〇松田 千裕1、中田 大貴2 (1.奈良女子大学院、2.奈良女子大学 )

 観察によって運動学習が進む観察学習がパフォーマンスの向上に寄与することや、その過程とともに皮質脊髄路の興奮性が低下するという報告がなされている。ヒトが他者の動きを観察する際には、脳内におけるAction Observation Networkやミラーニューロンシステムが関与していると考えられているが、これらの脳領域における観察学習時の神経活動動態については未だ議論されている。そこで本研究では、手のポーズを覚えて再現するという課題を用い、近赤外線分光法(NIRS)により酸素化ヘモグロビン濃度と脱酸素化ヘモグロビン濃度の変化を計測し、観察学習時における運動前野・一次運動野・頭頂連合野の脳活動動態を検討した。

 被験者は一般成人女性28名(平均年齢21.3±1.4歳)を対象とした。課題は、10秒の安静と20個の右手のポーズが表示される30秒の観察、その後また10秒の安静を3回繰り返した計2分半の動画を見る観察試行と、覚えたポーズを左手で再現する再現試行を実施した。それぞれを8セッション繰り返した。行動指標として、各セッションを20点満点とし、手の再現数を点数化した。NIRSは計20個のプローブ間の31個のチャンネルのうち27個のチャンネルを3つずつ(左・正中・右)、9つの対象領域に分けて分析した。

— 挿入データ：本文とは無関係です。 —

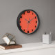 A modern blend of warm persimmon orange with bold black numbers makes this clock a standout piece. Its clean lines and minimalist style make it suitable for kitchens, living rooms, or creative studios. A functional accent that doubles as contemporary art.

 実験の結果、再現数は5セッション目以降ほとんど伸びず、多くの被験者は5セッション目までで手のポーズを覚えられていた。運動前野において、酸素化ヘモグロビンの値の減少と左・右脳半球の運動前野における再現数との負の相関から、観察学習には特に運動前野の神経活動が関与していると考えられた。一次運動野において、酸素化ヘモグロビンの値の変化はみられなかった。頭頂連合野においては、側性による脱酸素化ヘモグロビンの値の変化の違いが見られ、側性によって観察学習における役割や機能が異なると考えられた。